Given this uniformity, pooled mean differences (MDs) were appropriate without the need for standardized mean differences (SMDs), as there were no discrepancies in units that could introduce bias. This approach adheres to meta-analytic best practices for continuous outcomes with consistent scaling.
To enhance clarity, I have added the following statement to the Methods section (under Continuous Outcomes): VAS scores were consistently reported on a 0-10 scale across all included studies, permit-ting direct pooling via mean differences (MDs).
Clinical relevance. Some HHS mean differences (e.g., MD 3.65 at 12 months) may be statistically significant yet below common MCID thresholds; interpret effect sizes against clinically meaningful benchmarks, not p‑values alone.
Author: In my manuscript, I have already interpreted the MDs with consideration of their clinical implications, noting, for instance, that the MD of 8.39 at 6 months represents a "clinically substantial improvement" and that the MD of 5.04 at 24 months is "clinically meaningful." To address your specific example, the MD of 3.65 at 12 months, while statistically significant (p = 0.037), falls below commonly reported MCID thresholds for HHS in hip-related conditions, which range from 8 to 10 points (Singh et al., 2016; Chahal et al., 2015; Sun et al., 2024). This attenuation infers a potential plateau in benefits that may not translate to perceptible patient improvements at that time point, though the overall trajectory across follow-ups supports sustained, if moderated, efficacy for biological augmentation.
To strengthen this aspect, I have revised the Results and Discussion sections to explicitly benchmark all HHS MDs against MCID values (e.g., ≥8 points for mHHS in hip preservation contexts and >10 points specifically in osteonecrosis studies). For example, in the Results (section 2.1.1), I added: While the MD of 3.65 at 12 months achieved statistical significance, it did not exceed the MCID threshold of 8–10 points, indicating limited clinical relevance at this interval despite persistence of effect. Similarly, in the Discussion, I expanded on the need to prioritize outcomes surpassing MCID for guiding practice, while acknowledging variability in MCID estimates across populations.

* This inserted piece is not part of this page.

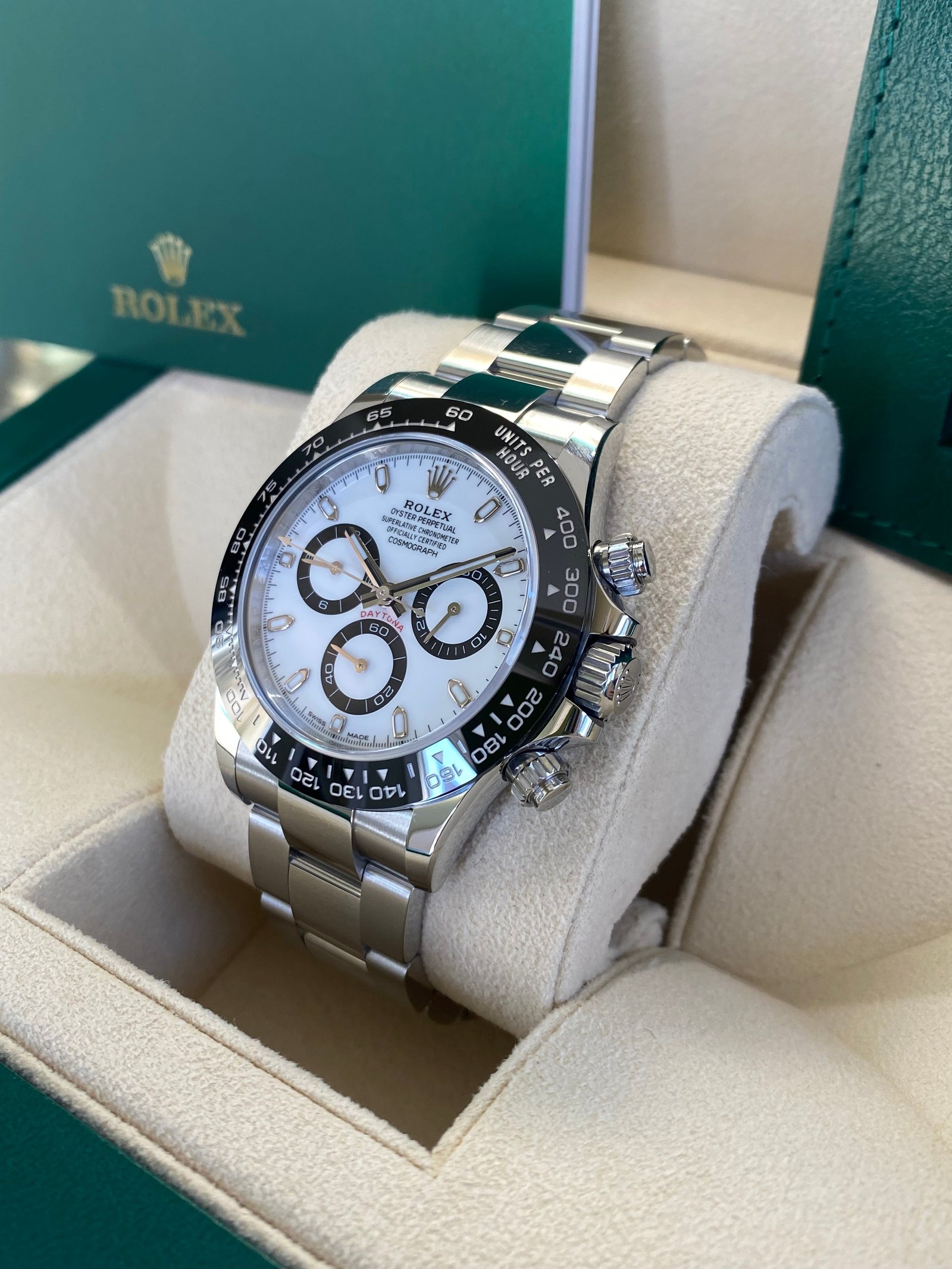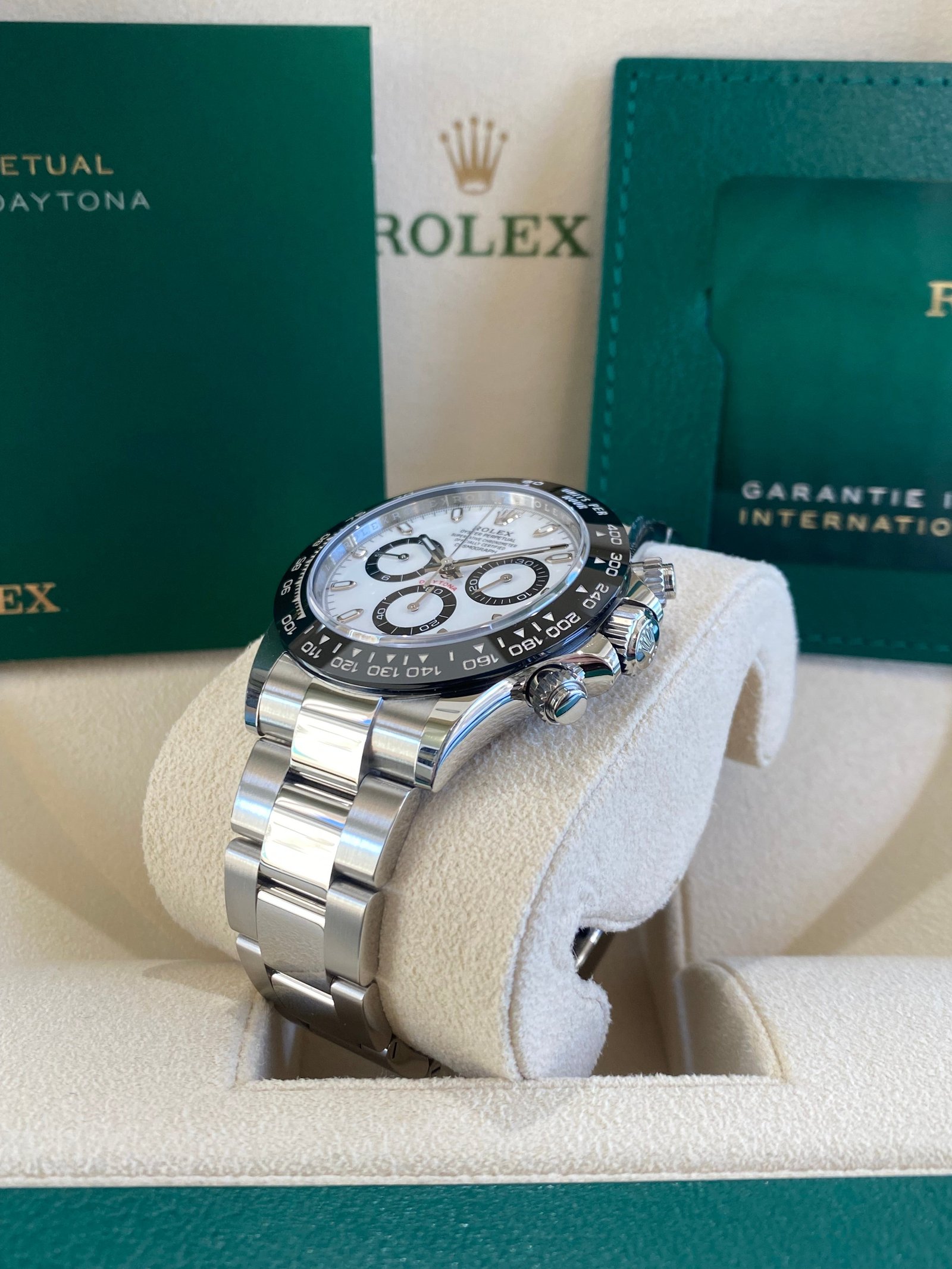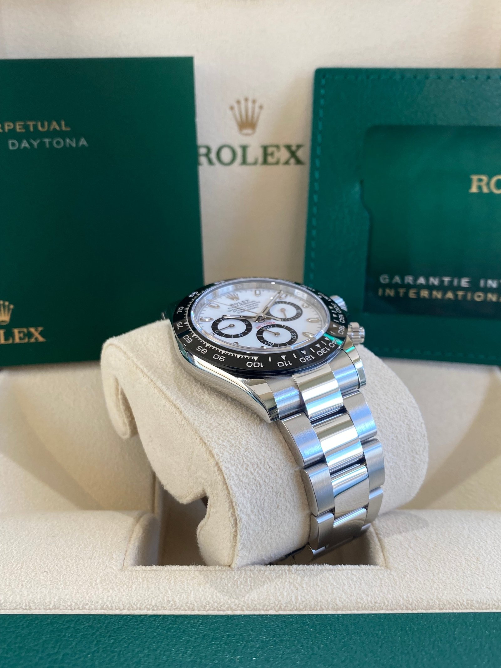 Bezel: Tachymetric engraved black ceramic bezel. Inner engraved Rolex bezel ring

Binary outcomes (sparse events)
The analysis applies continuity corrections (+0.5) with REML random effects. For sparse/zero‑event data (e.g., THA, radiographic progression), consider GLMMs (log link), Peto odds ratios, arcsine transformations, and/or Hartung–Knapp adjustments to improve small‑sample robustness and CIs. Report sensitivity analyses with at least one such alternative.
Author: I acknowledge the potential biases introduced by continuity corrections in such scenarios and appreciate the emphasis on alternative methods for enhanced robustness. To address this, I performed sensitivity analyses using a generalized linear mixed model (GLMM) with a log link function to estimate pooled risk ratios (ORs), as implemented in the meta package via the lme4 backend. The GLMM results were generally consistent with the primary findings I have incorporated these sensitivity analyses into the revised manuscript (sections 3.5-3.9)
Unit‑of‑analysis problems
Multi‑arm studies with a shared control. Sun 2024 has multiple arms (CD+AL, CD+BG, NVAF+BG, DAA+BG, PNHF+BG; page 6). Avoid double‑counting the same CD control across comparisons by splitting the control or using robust‑variance estimation/multivariate meta‑analysis to account for correlation. Explicitly state how this was handled.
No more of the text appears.